Он свернул со стёжки, и, чтобы ветки не хлестали по щекам, Марта вжала лицо в его куртку. Куртка пахла августом и чабрецом…


* * *


… и от пряного аромата кружилась голова. Кто распорядился свалить целый стог чабреца под её окнами?

Юная баронесса де Бельвейзиг отдёрнула занавеску, чтобы высмотреть во дворе кого-нибудь из прислуги поприветливей и попросить отгрести душистую траву подальше, за угол. Хорошо бы попался на глаза Бьорн, он точно сделает. А остальные… Не жаловали в древнем замке молодую жену барона Хольгера, помнили, что она не голубых кровей. Барон хотел денег отца будущей баронессы, в девичестве Марты Дювон, а старый Дювон хотел, чтобы его внуки носили титул. Чего хотела сама Марта, в ходе полюбовной сделки спросить забыли.

— Бьорн! — позвала баронесса, смешно вытягивая шею. — Бьорн!

— Здесь я, ваша милость! — седой, но очень крепкий слуга вынырнул из-за сарая. Обычно расторопный, сейчас он двигался рывками, потому что тащил за собой упирающегося паренька. Марта рассмотрела, что паренёк чуть младше её самой, лет шестнадцати от силы, но высокий и широкоплечий. Худой, правда, но были бы кости, мясо нарастёт. Всклокоченный, рубаха порвана. Нос у мальчишки расквашен, а руки связаны. Глядит волчонком. Нет, пожалуй, уже волком.

— Кто это, Бьорн?

— Браконьер, ваша милость, — охотно пояснил слуга, но как-то странно поморщился, словно ныл у него зуб. — Наш, из посёлка. Фабиан и Йохан поймали, когда он рубил ольху в роще. Думал, наверное, что так рано дровяных воров никто не будет высматривать.

Марта уже знала, что здесь ворам, покусившимся на имущество барона, рубят руки. И неважно, золото украдено или вязанка дров. Безрукий калека в шестнадцать или сколько там ему. Будет ли его кормить семья или продаст в заезжий балаган уродов?
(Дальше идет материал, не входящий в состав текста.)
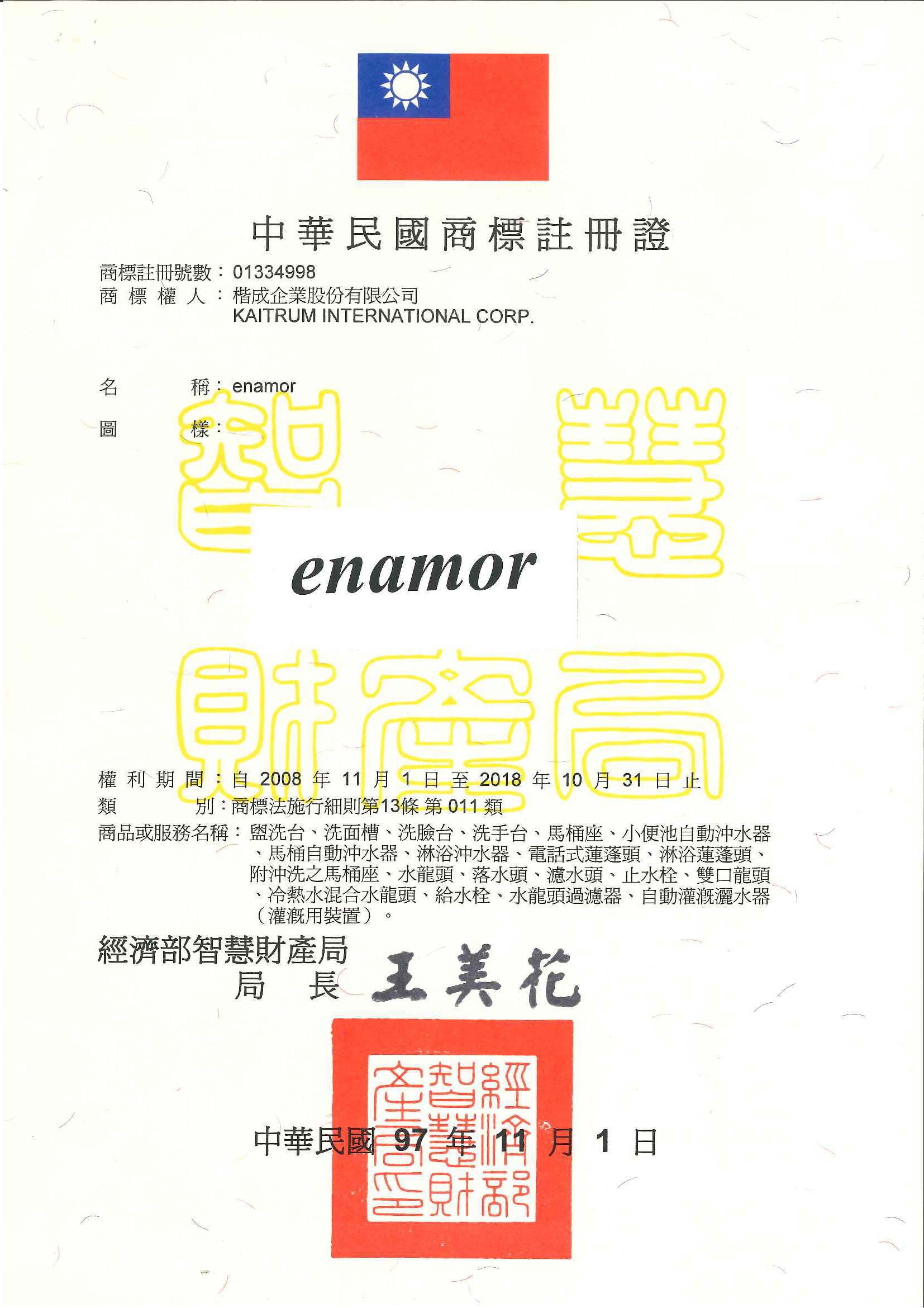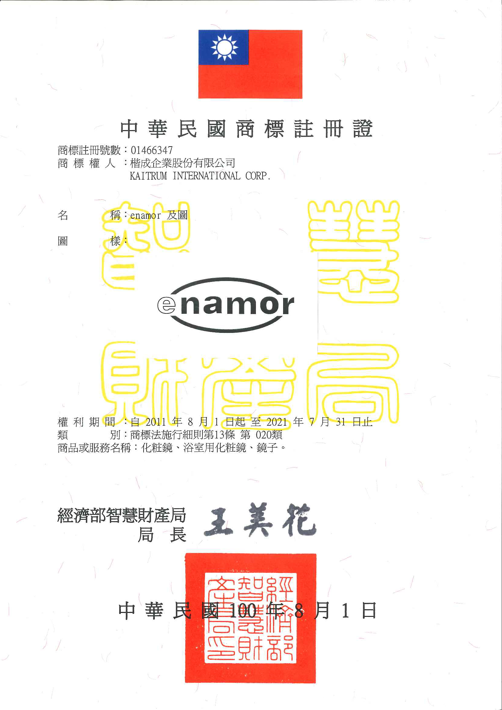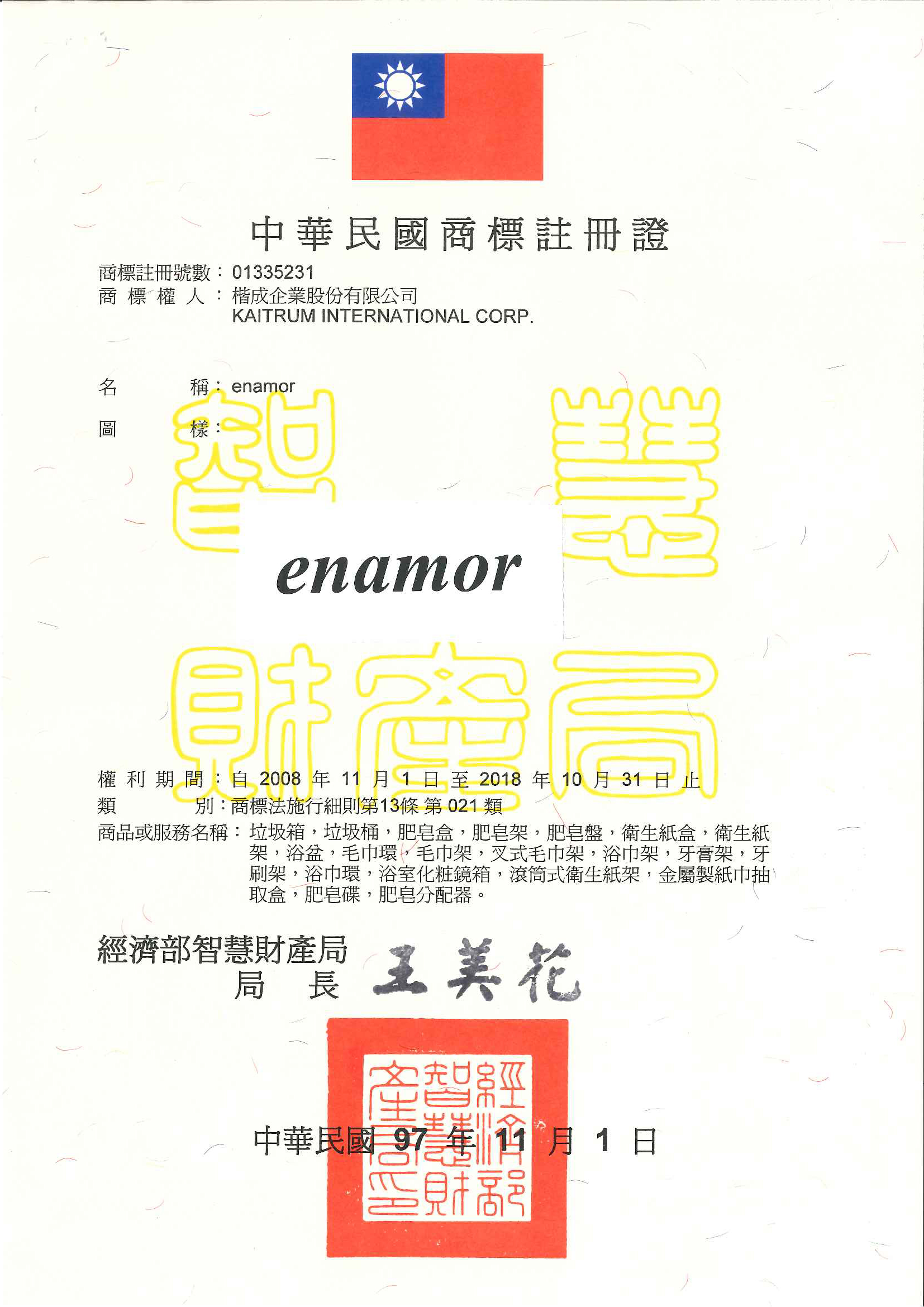| 商標專利 enamor_1 | 商標專利 enamor_2 | 商標專利 enamor_3 | 商標專利 Kaitrum_1 |

Она уже не чувствовала резкого запаха чабреца.

— Дурак молодой, — недовольно сказал Бьорн, — теперь мамка его и сестра-соплячка точно зиму не переживут. Что они наработают, а? Отца уже пять лет как нет, лихорадка прибрала, а теперь им ещё калеку кормить. Я его в подвал отведу, посидит, пока господин барон вернётся, а потом к вам прибегу, госпожа баронесса, минутку всего подождите.

Бьорн думал о том же, что и Марта.

— Стой. — Сорвалось с губ раньше, чем она успела подумать, зачем ей это надо. Просто острый кадык на длинной шее браконьера подёргивался. Губам он дрожать не позволял, а вот кадык… — Тебя как зовут?

Глаза серые, ясные, под ровными густыми бровями. Она думала, что он будет молчать, стиснет губы в замок, но парень ответил:

— Мартин. — И добавил тихо: — Госпожа.

Мартин. Марта. Марта и Мартин. Забавное совпадение.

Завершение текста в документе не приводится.